L’électronique comestible : Quand mangerons-nous la technologie ?


L’électronique comestible, c’est-à-dire les dispositifs qui peuvent être décomposés et digérés, pourrait remplir de nombreuses fonctions utiles à l’intérieur du corps.

Les Américains discutent sans cesse de ce qu’ils doivent manger. Faible en gras, riche en protéines, végétalien, cétogène – mais qu’en est-il de l’électronique ? Depuis le début du 21e siècle, un groupe dévoué de scientifiques, d’ingénieurs et de technologues tente de créer de l’électronique comestible, pas nécessairement pour l’alimentation humaine, mais plutôt à des fins médicales.

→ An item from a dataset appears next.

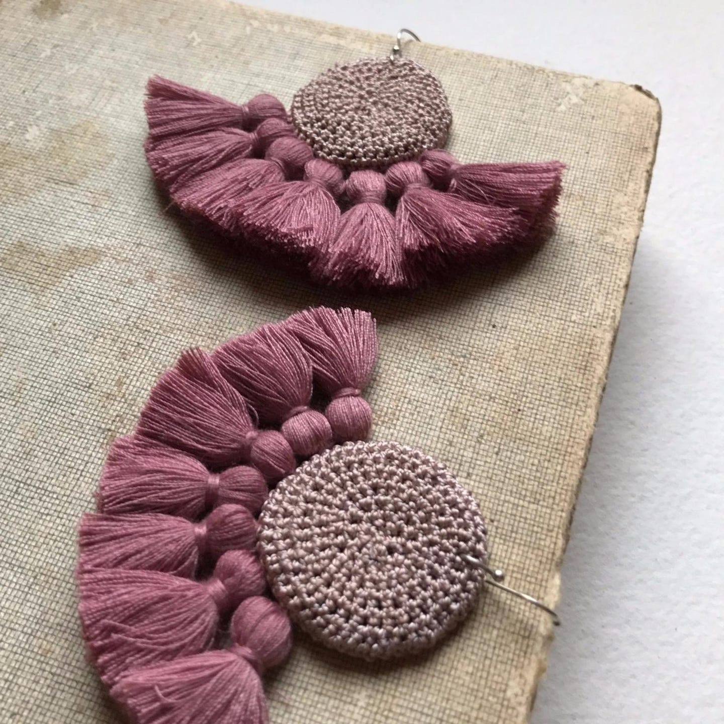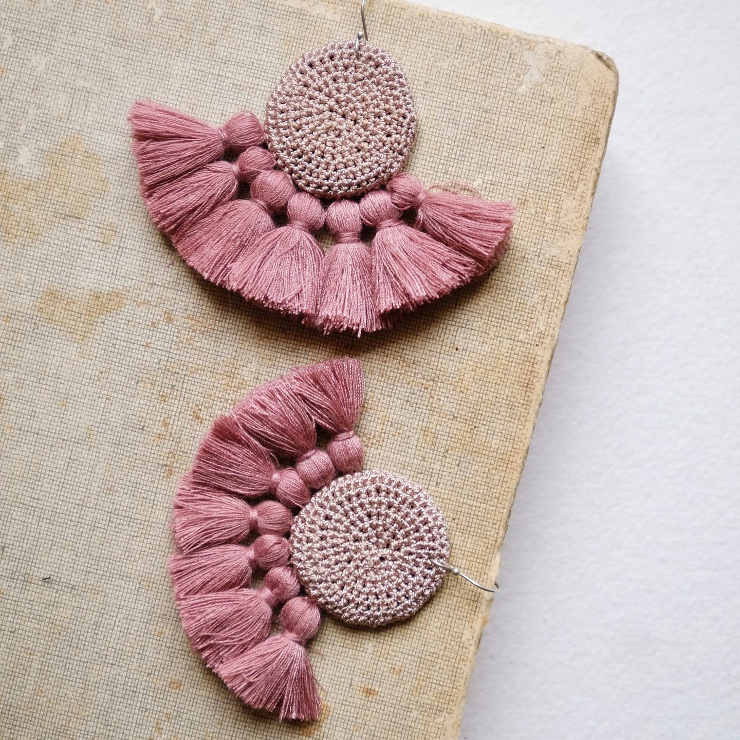 Silky Mink farbige Häkelscheibe mit handgefertigten Baumwollquasten in Dusty Pink.
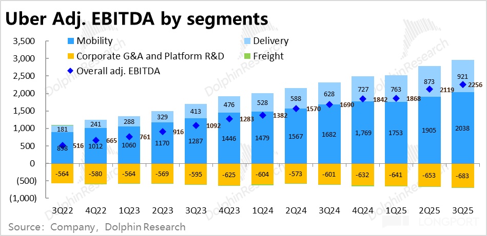 2) 另外则是在广告变现上 (尤其是配送业务),Uber 目前尚没有重复渗透,尤其是生鲜日杂的增长会进一步扩大公司的广告变现空间。

Des dispositifs électroniques composés de matériaux digestibles qui se décomposent progressivement dans l’organisme en quelques jours pourraient délivrer avec précision des médicaments dans le corps et mesurer leur absorption. Ils pourraient surveiller les symptômes des troubles gastro-intestinaux et le microbiome intestinal. Ils pourraient permettre aux médecins d’observer à distance la santé interne des patients sans se rendre à l’hôpital, ce qui renforcerait la révolution de la télésanté et permettrait à un plus grand nombre de personnes d’accéder aux soins de santé.

Mais si l’électronique comestible séduit nos appétits technologiques (même si ce n’est pas nécessairement le cas de nos papilles gustatives), elle n’a pas progressé aussi rapidement que certains le souhaiteraient.

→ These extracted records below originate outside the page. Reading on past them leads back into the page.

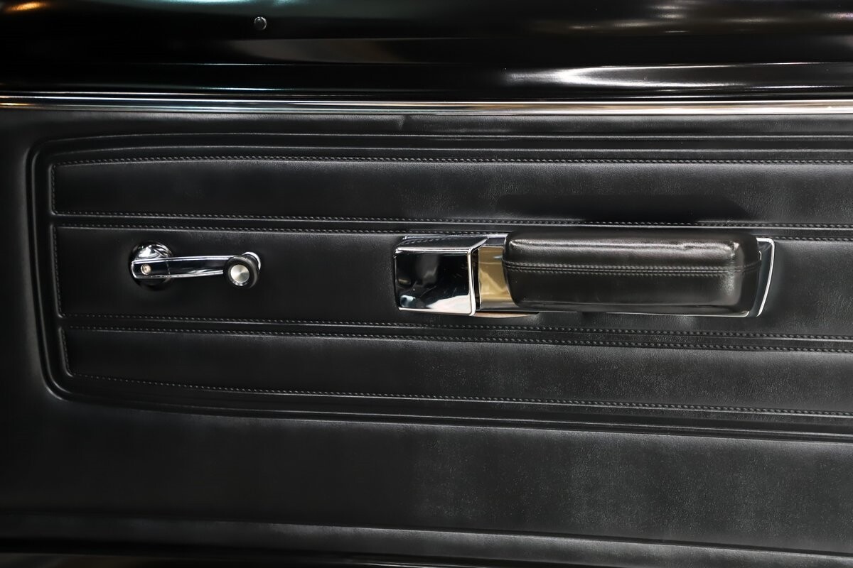INTERIOR: It's like new. Premium Legendary upholstery and door panels. The dash area is mint: knobs, trim, gauges, dash pads etc. It's aradio delete but hasa modern stereo below the dash. Very nice original console between the bucket seats. The rear seat folds flat, a 2+2! The deluxe wheel is restored like new. Interior lights work.
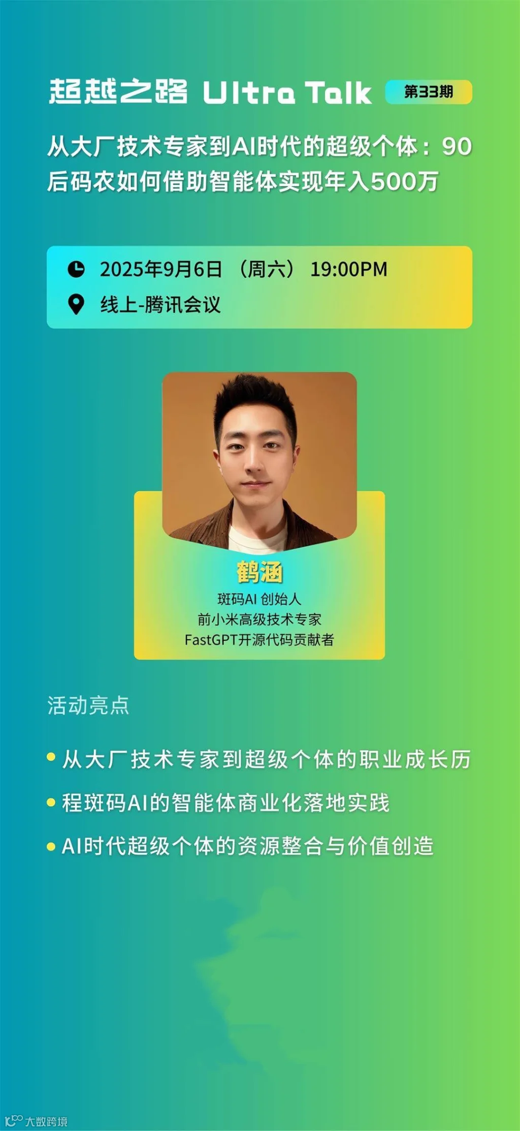 -主题:「从大厂技术专家到AI时代的超级个体:90后码农如何借助智能体实现年入500万」
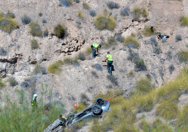 El vehículo en el que viajaban las dos personas fallecidas, se salió de la vía por circunstancias que se desconocen, y tras cruzarse al lado ... contrario de la carretera fue a caer por un barranco de unos 25 metros. El coche tras salir volando, impacto primero en un talud del propio barranco, desde donde reboto y fue a caer casi al fondo del mismo, quedando volcado con las cuatro ruedas hacia arriba. Hasta el lugar del accidente se desplazaron varios vehículos de la Guardia Civil de tráfico del destacamento de Baza, una ambulancia del 061 y el helicóptero de emergencias sanitarias también del 061. Los médicos nada pudieron hacer por los ocupantes del vehículo que habían fallecido en el acto. Para rescatar a las personas fallecidas un fue necesaria la intervención de los bomberos de Baza que tras acudir con un vehículo de rescate y asegurar el coche para que no se deslizara, tuvieron que requerir un segundo vehículo todo terreno, con el que accedieron por el fondo del barranco hasta llegar a unos metros de donde estaba el coche siniestrado y las dos personas fallecidas cuyos cuerpos fueron rescatados sobre las 17 horas y trasladados hasta el instituto anatómico forense de Granada, donde se les practico la autopsia, antes de ser trasladados hasta la localidad de Cuevas del Campo, donde hoy se celebrara el funeral y posterior sepultura. Con las dos de ayer, son tres las personas fallecidas en la comarca de Baza en accidentes de tráfico en los últimos cuatro días.
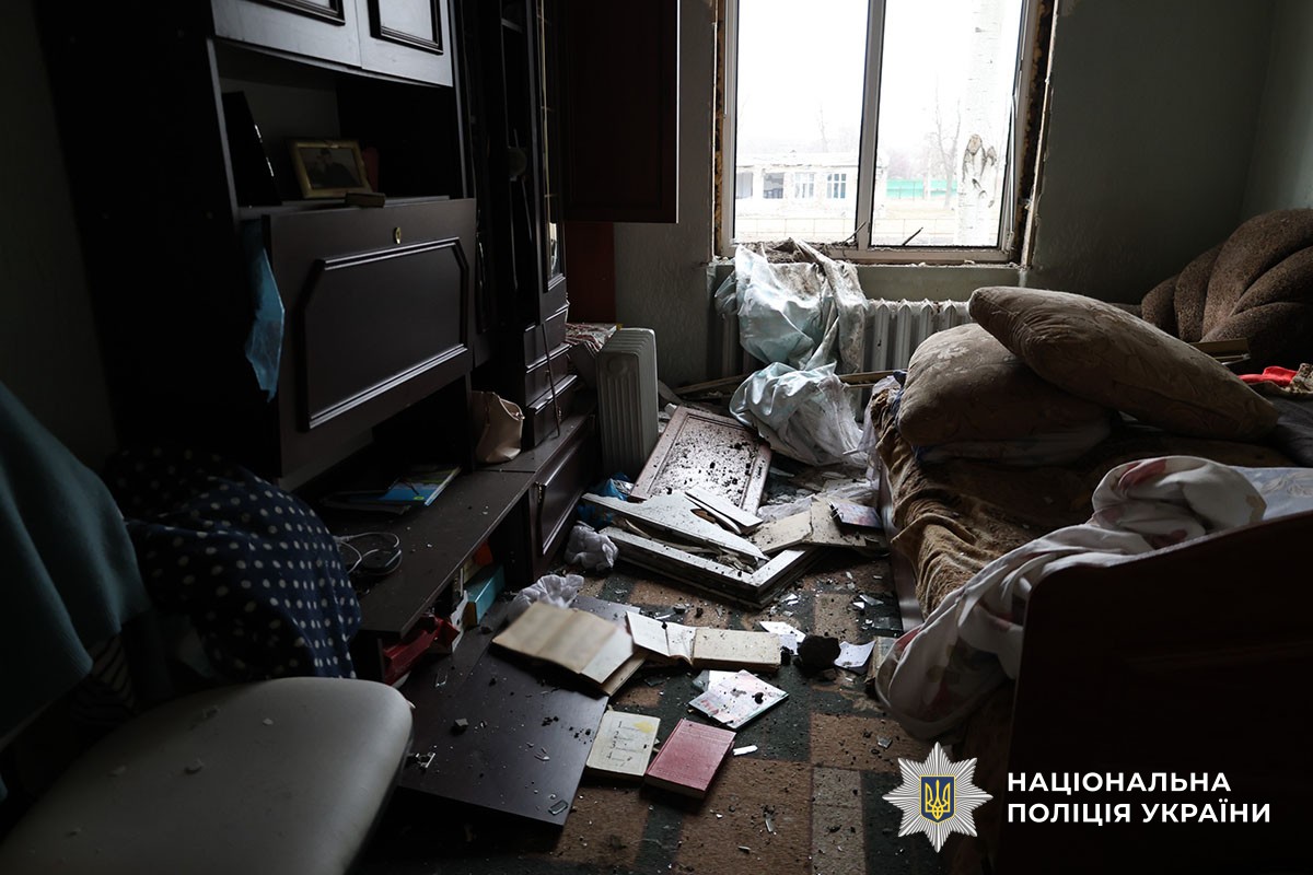 Крім того, сьогодні після опівночі росія поцілила по центру Покровська чотирма ракетами С-300. Поранено 37-річного цивільного мешканця. Руйнувань зазнали заклад освіти, підприємство, житлові будинки. На місці працюють поліцейські, масштаби пошкоджень встановлюються.
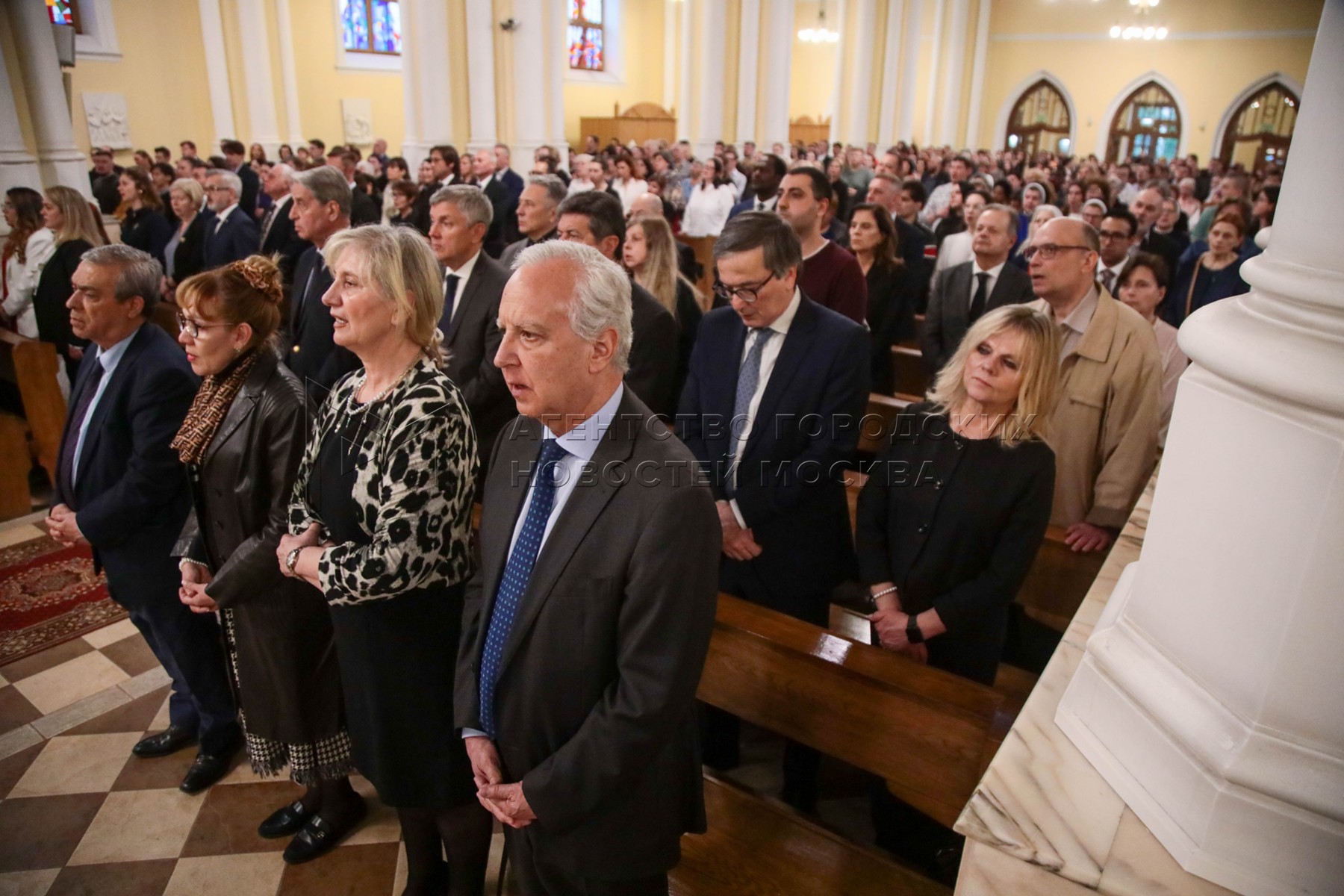 Святая месса в память об умершем папе римском Франциске в римско-католическом каф...

“En raison des nombreux défis, les progrès dans ce domaine attrayant semblent relativement lents”, écrit une équipe de chercheurs dans un rapport publié à l’automne 2020 dans la revue Advanced Materials Technologies.

Parmi ces défis, les matériaux avec lesquels les scientifiques doivent travailler sont les plus importants. Divers éléments que l’on trouve dans l’électronique conventionnelle – comme le manganèse, le magnésium, le silicium et le cuivre – peuvent en fait être consommés en très petites quantités, mais ces limites de sécurité ne laissent pas suffisamment de marge de manœuvre aux scientifiques pour fabriquer des appareils électroniques comestibles avec ces matériaux. Les chercheurs doivent donc faire preuve d’inventivité.

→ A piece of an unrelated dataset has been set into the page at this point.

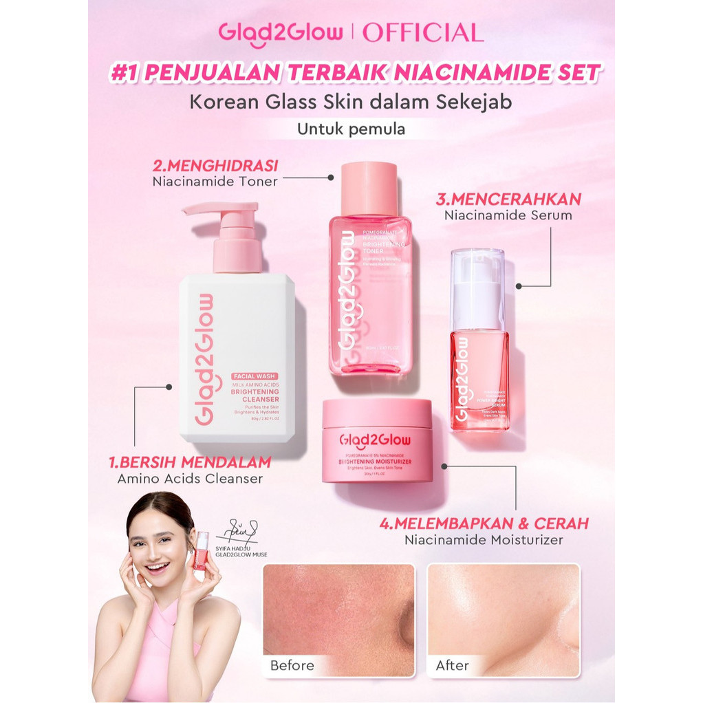 [KOL]Glad2Glow Cerah Glowing Bundle 4in1-Brightening Moisturizer+Serum+Cleanser+toner+Peeling solution+Retinol 10%Niacin
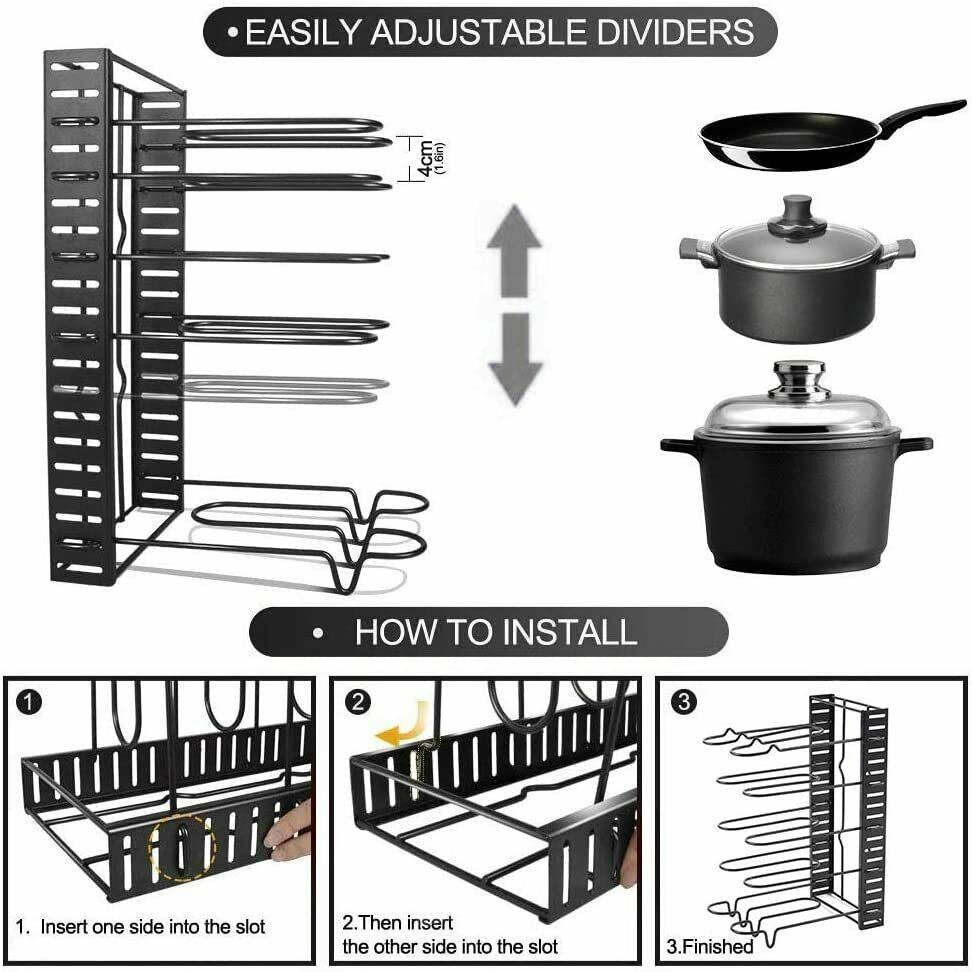 Metal Pan Pot Stand Holder Lids Rack Cupboard Kitchen Cabinet Storage Organiser

Pour l’instant, ils étudient des polymères biodégradables comme la fibroïne de soie, les protéines de pois et l’extrait de pomme, ainsi que le sucre caramélisé comme substrats pour contenir des matériaux électroniques. L’or et l’argent, qui sont inertes et déjà autorisés comme additifs alimentaires, peuvent être utilisés comme conducteurs. Les conducteurs sont des composants essentiels des appareils électroniques qui apparaissent notamment dans les interconnexions et les électrodes. Le Gatorade et le Vegemite, la pâte à tartiner préférée des Australiens, pourraient également être utilisés ici, car ils sont remplis d’électrolytes chargés.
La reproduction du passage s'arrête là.